Picasa Web Albums - Phani - EF 50mm night...
Thanks.


----------



## Overread (Jul 29, 2009)

Did you try taking the filter off? Could be that the filter is causing reflections on the glass - the lighspots certainly appear to be reflections of bright light spots in the shot so try shooting without the filter.
Modern DSLRs already have UV filters built in so the filter is mostly just a screen protector and not much else - further if it is a cheap filter and not multicoated then there is a very strong chance that it is the cause


----------



## Big Mike (Jul 29, 2009)

Those are most likely lens flare or reflections from within the lens.  This can happen when you have brights lights in an otherwise dark scene.  The light is reflecting off of the sensor, or part of the lens, then bouncing around in the lens.  It's not dust on the lens or on the sensor etc.

Part of the problem is probably due to your cheap lens.  I don't think they put a lot of anti-reflection coatings in the 50mm F1.8 lens.  That's why it's $80.  Also, the UV filter could be another cause of these reflections.
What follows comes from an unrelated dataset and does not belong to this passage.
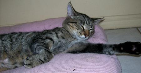This is a very friendly pretty little older kitten still full of mischeif and kitten ways. She will make a lovely lap cat and likes sleeping on the bed. Plays with children and is not afraid of dogs but prefers only two legged company but will get used to other cats given time and patience. A real miss bossy britches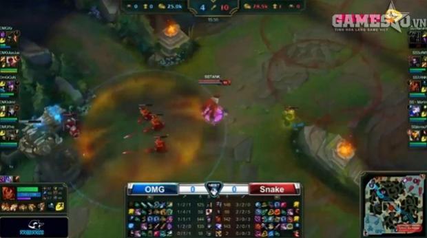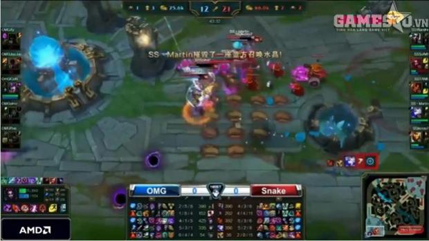 Ngày hôm nay, giải đấu tiếp tục với trận chung kết bảng D giữa Snake eSports và OMG. Đây chắc chắn là đối thủ khó chơi hơn rất nhiều 2144D, bởi lẽ OMG là một đội tuyển hàng thật giá thật tại LPL. Điều này đã được minh chứng rõ ràng ngay trong ván đầu tiên.

Another factor might be the aperture you are shooting at.  Most lenses are weakest at the extremes...their max aperutre for example.  This lens, for example, will usually give much better quality at F2.8 than it will at F1.8.  I'm not sure if that would help reduce the flare though.


----------



## Soocom1 (Jul 29, 2009)

If the filter is thick, or the front element is deeply recessed back from where the threads are located or where the filter sits, then as Mike said it can be a refraction of light bouncing around the inside of the lens. Look through a double pained window at night some time. Youll see multiple reflections of lights. Same consept.


----------



## gsgary (Jul 29, 2009)

That is specular light Specular reflection - Wikipedia, the free encyclopedia
Get rid of the filter and don't shoot so wide open stop down to about F11


----------



## UUilliam (Jul 29, 2009)

I use a Hoya UV vilter (£5.99)
 on my 50mm II f1.8 
Had nothing like this happen.


----------